- What to produce:
Since the listing below shows pictures, leave them out and write out exactly the lines from the line with "Gėda prisipažinti, bet" to the line with "Wander through the", both included, and no others.
────────────────
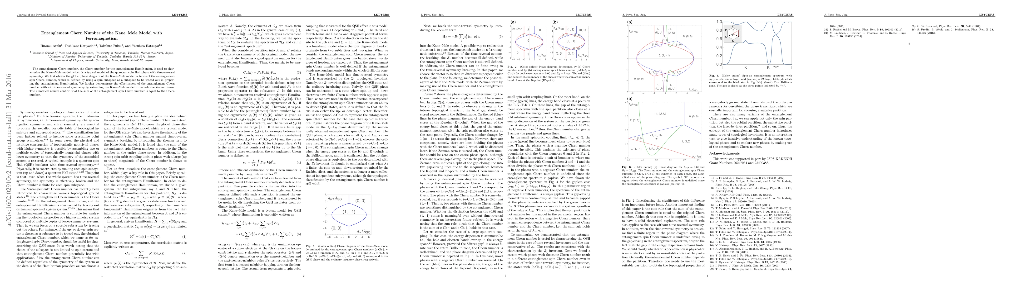 This research characterizes the Kane-Mele model using the entanglement Chern number, defining a global phase diagram based on the entanglement spin Chern number. It extends the model to include ferromagnetism and confirms the sum of the entanglement spin Chern number equals the standard Chern number.
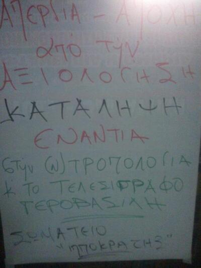Πιο συγκεκριμένα προχώρησαν σε κατάληψη του γραφείου Προσωπικού και του Πρωτοκόλλου, μια Κατάληψη που σαφώς είχε να κάνει με τις Αξιολογήσεις, την (ν)τροπολογία και το τελεσίγραφο Γεροβασίλη, όπως τονίζεται σε ανακοίνωση του σωματείου εργαζομένων του νοσοκομείου «Ο Ιπποκράτης».
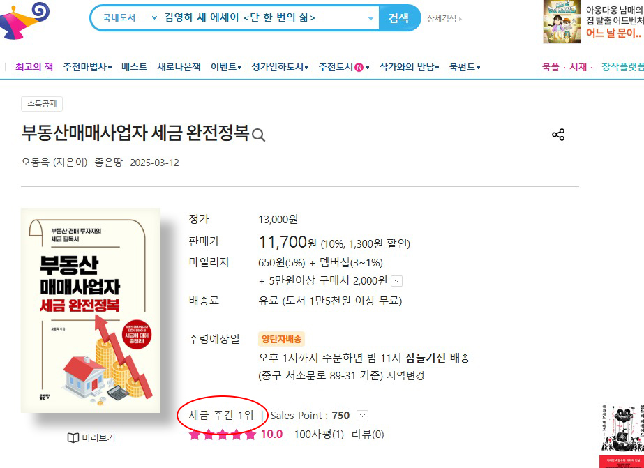‘부동산매매사업자 세금 완전정복’이 알라딘에서 1위를 기록했습니다.
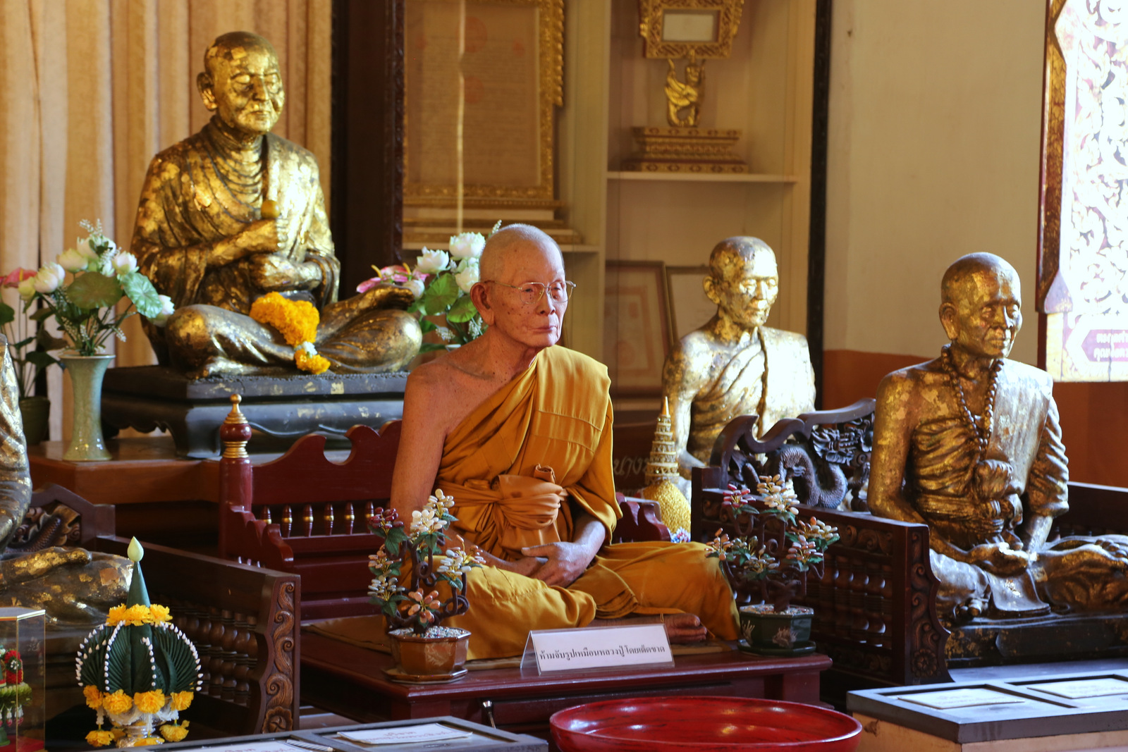 Gėda prisipažinti, bet labai norėjosi pačiupinėti šį garbų senolį, įsitikinti, kad jis tikrai gyvas žmogus iš kūno ir kraujo. Per tą laiką, kol buvome šventykloje, jis ne tik nepajudėjo, bet rodos net ir nesumirksėjo.
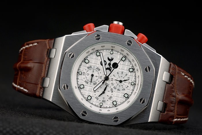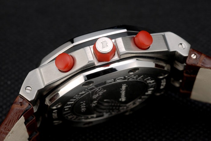 Crown: acier inoxydable Audemars Piguet logo gravé émail rouge couronne hexagonale avec deux petits rouges émail poussée bouton couronnes de chaque c té de it
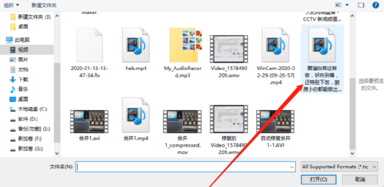 2.点击加号按钮之后下一步会打开一个选择文件的界面,然后在界面中我们选中想要转换成音频的那一个视频文件。
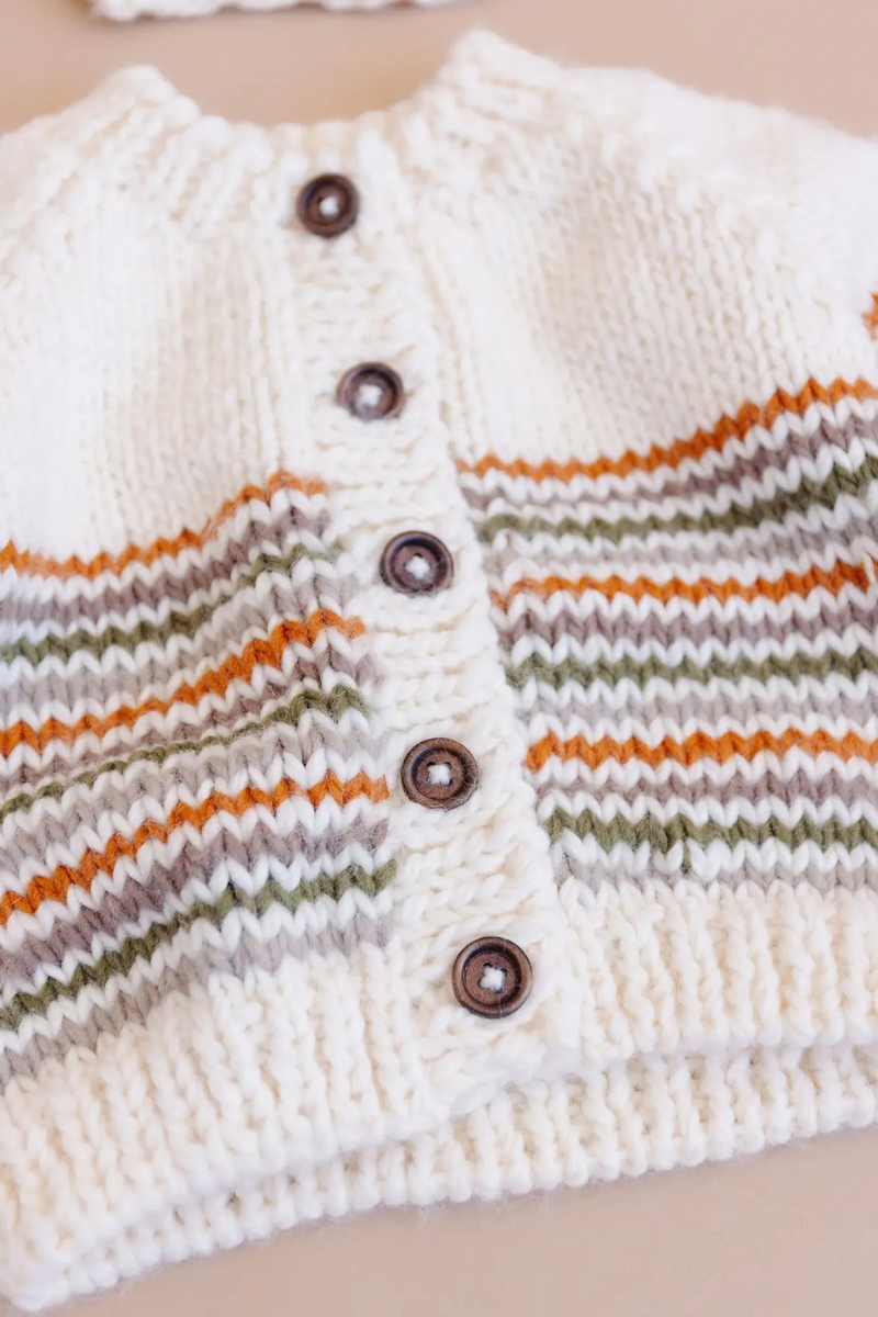 Wander through the woods with the little adventureres in our Woodland Stripe Cardigan. This Cream cardigan features stripes of our Clay, Flax, Moss, and Tan colors. Pair with our matching stripe hat or the Fox or Deer Hat.
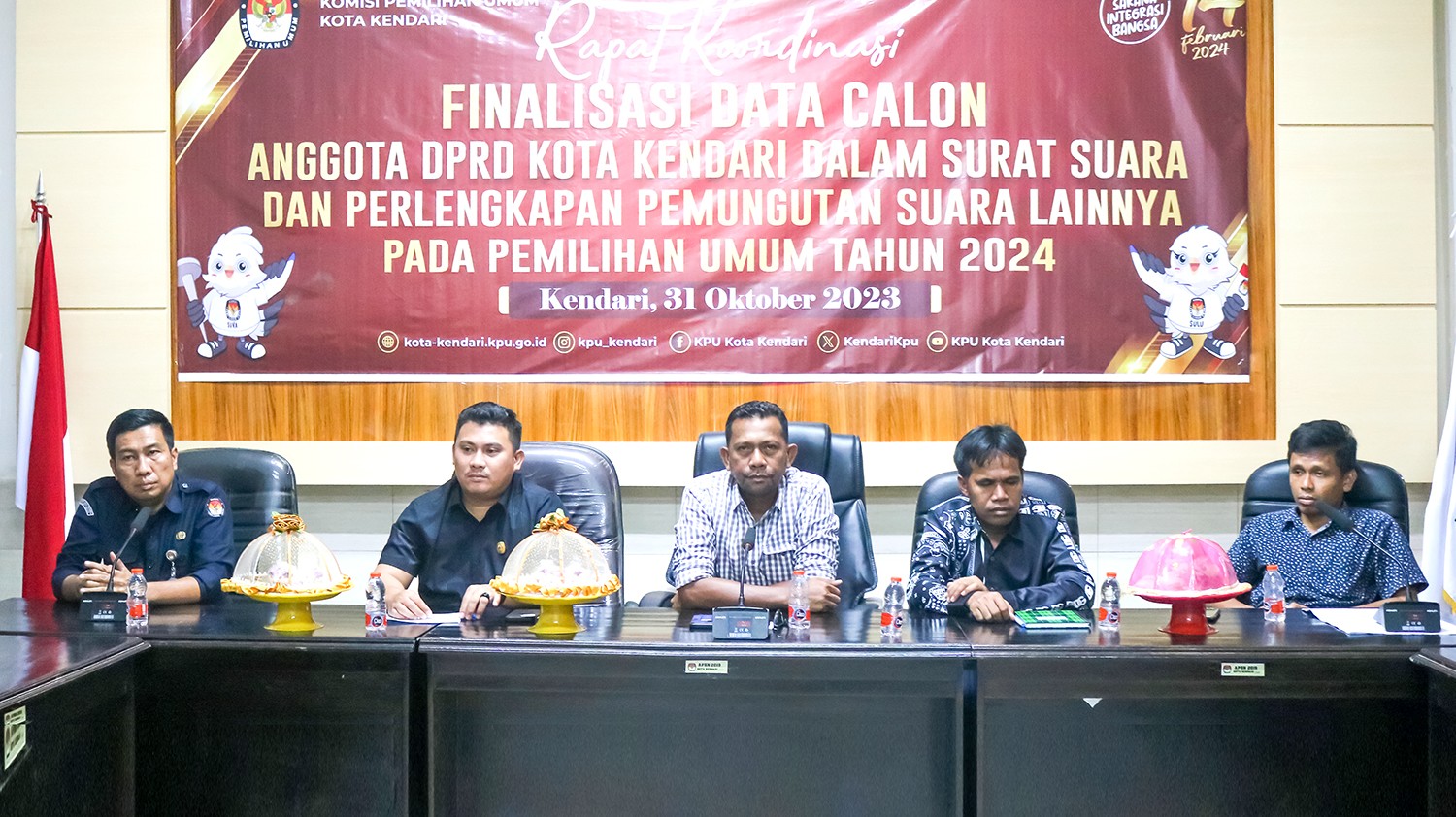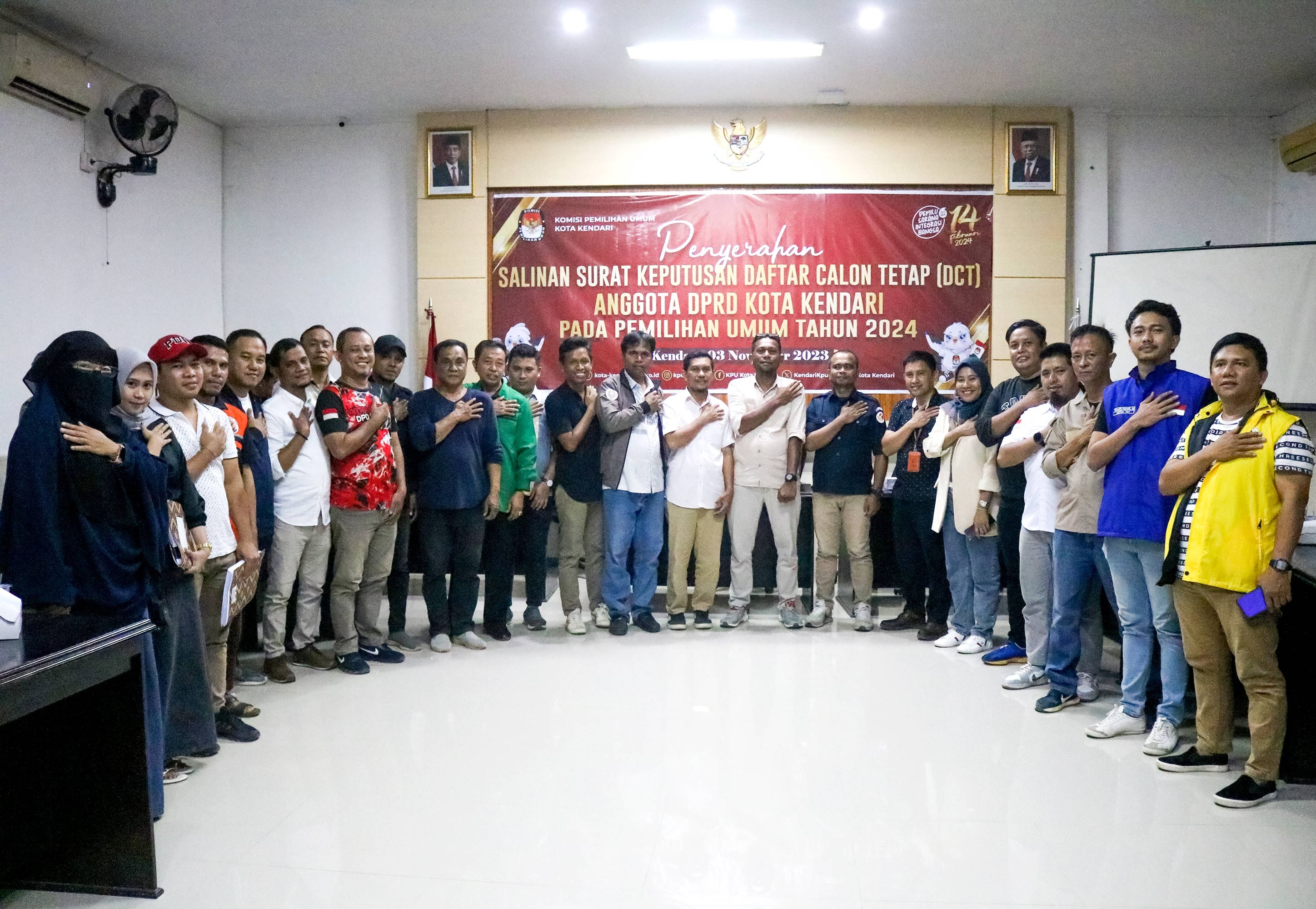 kota-kendari.kpu.go.id Kendari, 3 November 2023 Ketua dan Anggota KPU Kota Kendari, Jumwal Shaleh, La Ode Hermanto, Arwah, Hans A. Rompas dan Ahmad Segati Firihu, bersama Plt. Sekretaris KPU Kota Kendari, Muskam, menggelar kegiatan penyerahan Salinan Keputusan Daftar Calon Tetap (DCT) Anggota DPRD Kota Kendari pada Pemilu Tahun 2024 di Aula KPU Kota Kendari, Jumat ( 03/11/2023). Ketua KPU Kota Kendari, Jumwal Shaleh, menyampaikan bahwa kegiatan ini merupakan rangkaian dari tahapan pencalonan yang cukup panjang sehingga tiba pada hasil saat ini dan kemudian akan ditetapkan secara nasional pada tanggal 25 November mendatang. Jumwal juga berharap jika ada partai politik melakukan sosialisasi atau pendidikan politik dalam bentuk pertemuan tatap muka agar menyampaikan pemberitahuan kepada KPU, Bawaslu dan Kepolisian. Anggota KPU Kota Kendari, La Ode Hermanto menyampaikan bahwa terkait pemasangan iklan di papan public/kota-kendari/reklame oleh Bacaleg sebelum tahapan kampanye, KPU akan mengkoordinasikan kepada pemerintah daerah agar dapat diatur sesuai ketentuan perundang-undangan. Hadir dalam kegiatan ini, Ketua dan Anggota Bawaslu Kota Kendari, perwakilan Partai Politik tingkat Kota Kendari, perwakilan Polda Sulawesi Tenggara dan Perwakilan Polresta Kendari. (humasKPUKendari:Rh/foto:Dm)
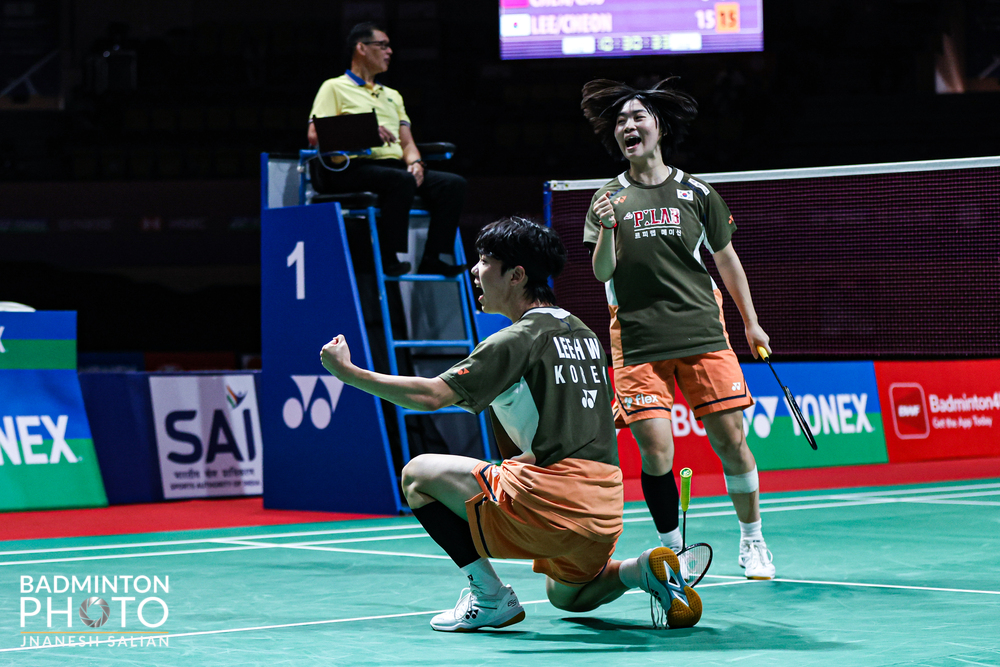 W półfinale koreańska para, rozstawiona z numerem dwa pokonała chiński mikst rozstawiony z numerem cztery, Chen Jun Ting, Cao Zi Han 15:6 16:14. Koreańczyków miała przyjemność poznać w fazie grupowej drużynowego czempionatu juniorów polska para mieszana, Mikołaj Morawski, Kaja Ziółkowska, której bilans, wówczas w sztafecie, przeciwko mikstowi z Korei wyniósł najpierw 3:10 (drużyna Korei odebrała wtedy Polakom prowadzenie wywalczone przez Sebastiana Pinkowicza) i — w drugim secie — 2:9. W finale Lee i Cheon zmierzą się z tajwańskim mikstem Hung Bing Fu, Chou Yun An, który w półfinale pokonał rozstawionych z numerem jeden Malezyjczyków. Wyniki półfinałów (18.10.2025) Gra pojedyncza mężczyzn Moh. Zaki UBAIDILLAH (Indonezja, 1) — LI Zhi Hang (Chiny) 14:16 16:14 15:12; LIU Yang Ming Yu (Chiny, 3) — Richie Duta RICHARDO (Indonezja, 2) 15:7 10:15 15:13. Gra pojedyncza kobiet Tanvi SHARMA (Indie, 1) — LIU Si Ya (Chiny) 15:11 15:9; Anyapat PHICHITPREECHASAK (Tajlandia, 2) — Yataweemin KETKLIENG (Tajlandia, 6) 10:15 15:11 15:5. Gra podwójna mężczyzn CHO Hyeong Woo, LEE Hyeong Woo (Korea, 3) — Kazuma KAWANO, Shuji SAWADA (Japonia, 1) 13:15 15:11 15:8; CHEN Jun Ting, LIU Jun Rong (Chiny, 4) — Alexius Ongkytama SUBAGIO, Aquino Evano Keneddy TANGKA (Indonezja, 2) 15:6 15:6. Gra podwójna kobiet TAN Ke Xuan, WEI Yue Yue (Chiny, 1) — Kodchaporn CHAICHANA, Pannawee POLYIAM (Tajlandia, 1) 17:15 11:15 15:10; Zi Yu LOW, Noraqilah MAISARAH (Malezja, 3) — CAO Zi Han, CHEN Fan Shu Tian (Chiny, 8) 15:13 12:15 15:7. Gra mieszana HUNG Bing Fu, CHOU Yun An (Tajpej) — LOH Ziheng, Noraqilah MAISARAH (Malezja, 1) 13:15 15:12 15:8; LEE Hyeong Woo, CHEON Hye In (Korea, 2) — CHEN Jun Ting, CAO Zi Han (Chiny, 4) 15:6 16:14. Zob. też: Medale tylko dla juniorów z Azji Podkowiński i Morawski wylądowali na 9. miejscu w MŚ Morawski i Podkowiński w najlepszej „16” MŚ Biało-Czerwoni wykruszyli się — już niemal wszyscy Indywidualne mistrzostwa świata juniorów (U-19) w badmintonie (Eye-Level Cups — YONEX SUNRISE BWF World Junior Championships 2025). 13 — 19 października 2025. Guwahati, Assam (Indie). National Centre of Excellence. Kategoria: Grade 1 — Junior Tournament. Wyniki w serwisie BWF. Fot. Jnanesh Salian © BadmintonPhoto.com (live) jr |
────────────────
- Your solution:
 Gėda prisipažinti, bet labai norėjosi pačiupinėti šį garbų senolį, įsitikinti, kad jis tikrai gyvas žmogus iš kūno ir kraujo. Per tą laiką, kol buvome šventykloje, jis ne tik nepajudėjo, bet rodos net ir nesumirksėjo.
 Crown: acier inoxydable Audemars Piguet logo gravé émail rouge couronne hexagonale avec deux petits rouges émail poussée bouton couronnes de chaque c té de it
 2.点击加号按钮之后下一步会打开一个选择文件的界面,然后在界面中我们选中想要转换成音频的那一个视频文件。
 Wander through the woods with the little adventureres in our Woodland Stripe Cardigan. This Cream cardigan features stripes of our Clay, Flax, Moss, and Tan colors. Pair with our matching stripe hat or the Fox or Deer Hat.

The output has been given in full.